Expression and clinical significance of the HIF-1a/ET-2 signaling pathway during the development and treatment of polycystic ovary syndrome.

Polycystic ovary syndrome (PCOS) is a major health problem in reproductive-aged women worldwide, but the precise pathogenesis of PCOS remains unclear. Our previous study revealed that hypoxia-inducible factor (HIF)-1a mediated endothelin (ET)-2 signaling plays an important role in ovulation in rats. Therefore, the present study used a PCOS rat model to test the hypotheses that HIF-1a signaling is expressed and inhibited in ovaries during PCOS formation and that the HIF-1a/ET-2 signaling pathway is a target of dimethyldiguanide (DMBG) in the clinical treatment of PCOS. First, the development of a PCOS model and the effect of DMBG treatment were examined through ovarian histology and serum hormone levels, which were consistent with previous reports. Second, HIF-1a and ET-2 expression were detected by immunohistochemistry and western blot. The results showed decreased HIF-1a/ET-2 expression in the ovaries of PCOS rats, whereas DMBG treatment reversed the protein decreases and improved the PCOS symptoms.

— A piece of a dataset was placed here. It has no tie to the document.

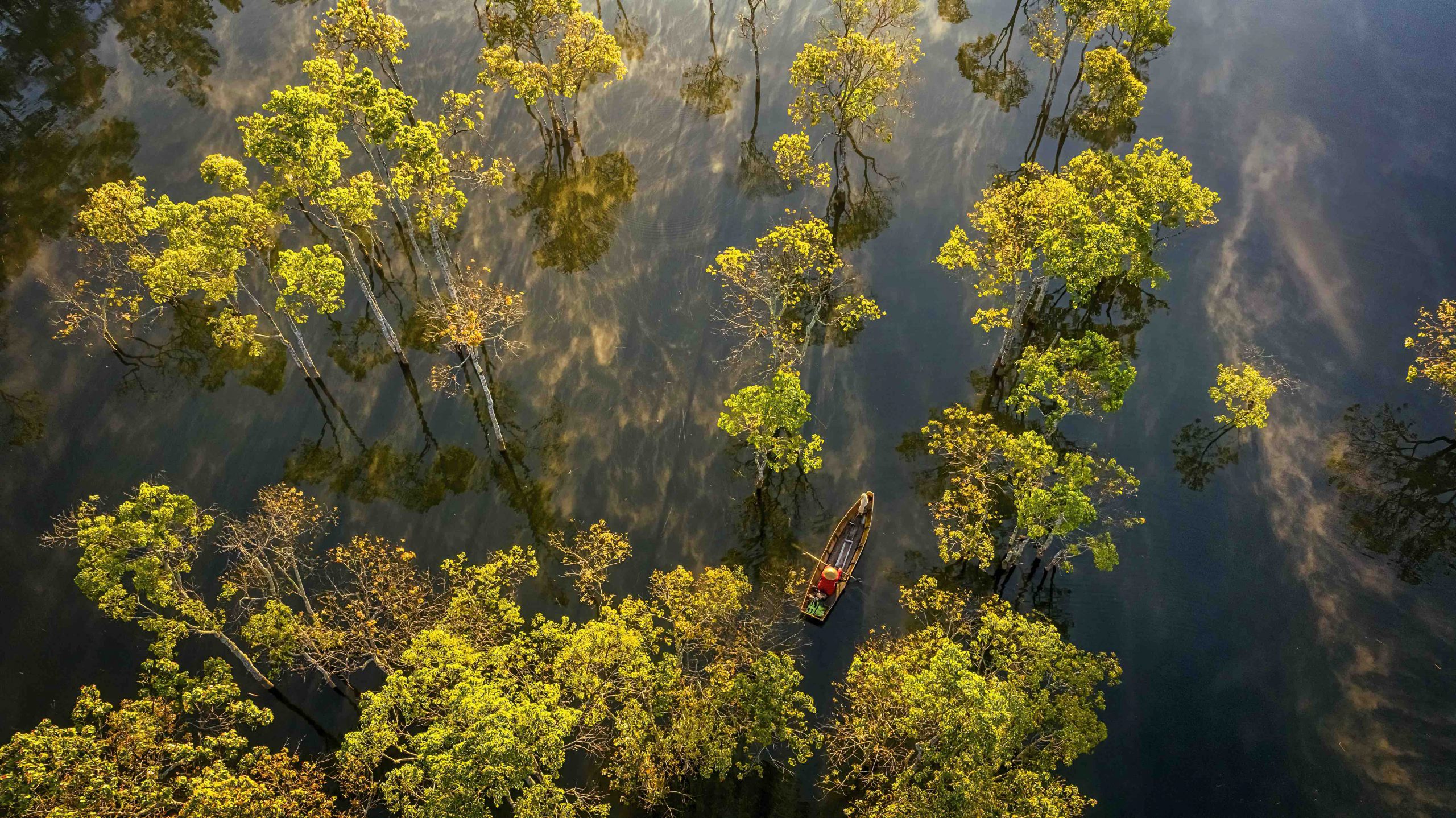 Bình minh dần nhú sau sườn núi, khu rừng chò lập tức “hút” lấy những tia nắng ban mai, các thân cây khẳng khiu trở nên nổi bật giữa khói sương bảng lảng trên mặt hồ, như những vũ công đang say sưa trong vũ điệu thần tiên. Bất chợt, giữa không gian huyền ảo tĩnh lặng ấy, tiếng mái chèo khua nước vang lên khoan thai, chậm rãi. Con thuyền đánh cá bằng gỗ nhỏ nhắn của lão ngư phủ duy nhất ở Suối Tía dần hiện ra giữa màn sương như đến từ cõi hư vô, càng khiến khung cảnh vốn đã đẹp, lại thêm phần liêu trai.

Third, to understand the molecular mechanism, HIF-1a/ET-2 mRNA expression was also examined. Interestingly, HIF-1a mRNA increased in the ovaries of PCOS rats, while ET-2 mRNA decreased, indicating that HIF-1a protein degradation may be involved in POCS development and treatment. Finally, HIF prolyl hydroxylase (PHD) activity was examined to further clarify the contribution of HIF-1a signaling to the development and treatment of PCOS. The results suggested that the inhibition of HIF-1a/ET-2 signaling may be caused by increased PHD activity in PCOS. DMBG-treated PCOS may further activate HIF-1a signaling at least partly through inhibiting PHD activity. Taken together, these results indicate that HIF-1a signaling is inhibited in a PCOS rat model through increasing PHD activity. DMBG treatment improved PCOS by rescuing this pathway, suggesting that HIF-1a signaling plays an important role in the development and treatment of PCOS. This HIF-1a-mediated ET-2 signaling pathway may be an important mechanism regulating PCOS formation and treatment in mammalian ovaries in vivo and should be a new clinical target for PCOS prevention and treatment in the future.